Building Your First Agentic AI System on GCP

Introduction

The shape of cloud workloads is changing. The unit of deployment used to be a microservice that responded to a request; increasingly, it is an agent that takes a goal, plans, calls tools, remembers what happened, and decides when it is finished. That shift is not just a new framework on top of existing infrastructure. It changes how you think about state, scaling, identity, and cost.

This article is a hands-on walkthrough for engineers and architects building their first production agentic system on Google Cloud. We will pick a concrete stack — LangGraph 1.x for orchestration, Gemini 3.1 Pro and 3.5 Flash for reasoning, Vector Search 2.0 for semantic memory, Firestore for durable state, and Cloud Run for serving — and step through the architecture choices, code patterns, and operational guardrails that matter once you go past a notebook demo. By the end you should have a clear mental model of how the pieces fit and where the sharp edges live.

A naming note up front, because Google’s branding has shifted under everyone’s feet. At Cloud Next on April 22, 2026, Google announced the Gemini Enterprise Agent Platform, the consolidated home for what used to be called Vertex AI plus Agentspace. As of May 21, 2026 the Vertex AI brand no longer appears in the Cloud Console — everything you used to do under Vertex AI now lives under Gemini Enterprise Agent Platform, though the underlying APIs, SDKs, and surface names still carry the vertex-ai-* and aiplatform prefixes for backward compatibility.
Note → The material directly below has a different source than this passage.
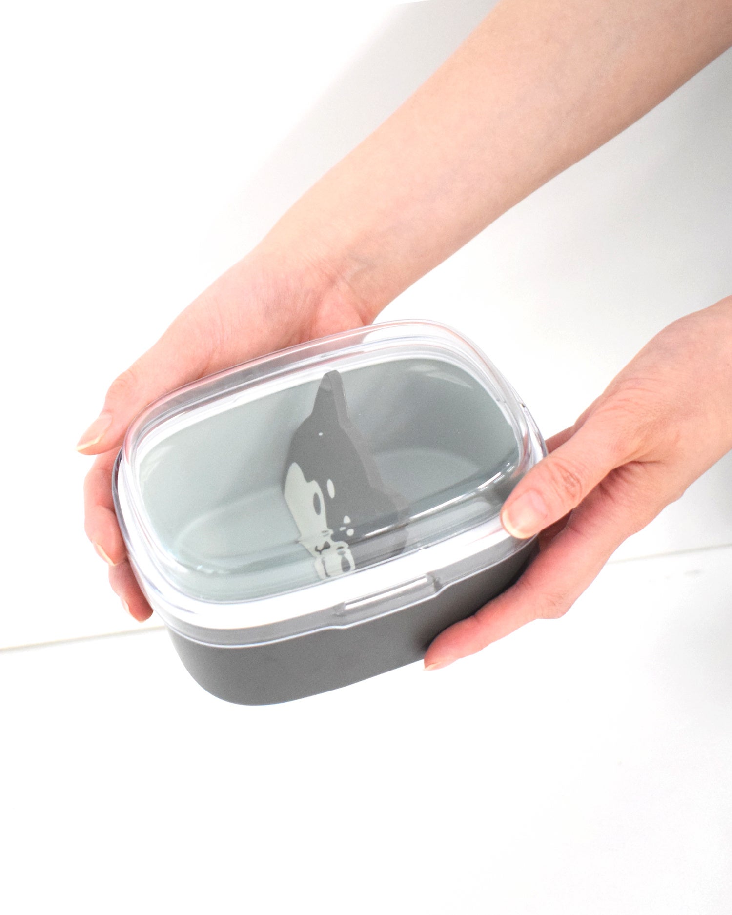 フタはドーム型の形状なので量の調節がしやすく、からあげなどのごろっとしたおかずもつぶれにくいです。 -

Deprecated Vertex AI SDK modules stop receiving updates after June 24, 2026, so plan migrations accordingly. Throughout this article I will say “Gemini Enterprise Agent Platform” for the umbrella product and keep “Vertex AI” only where it still appears in API and product names (Vertex AI Vector Search, the aiplatform_v1 client library, and so on).

What “Agentic” Actually Means

Before any code, it is worth being precise about what we are building. An agent, in this context, is a system with four properties that a traditional API does not have:

Those four properties drive every infrastructure decision below. Autonomy means you cannot pre-route traffic; the agent’s runtime needs to survive long, variable-length executions. Tool use means you need a secure, auditable way to expose capabilities. Memory means you need at least two storage tiers — short-term working state and long-term semantic recall. The control loop means you need durable execution, because losing a container three steps into a ten-step plan is not acceptable.

The GCP Service Map

GCP offers a lot of overlapping services, and the choice between them matters more for agents than for stateless APIs. Here is the opinionated short list for a first system as of mid-2026.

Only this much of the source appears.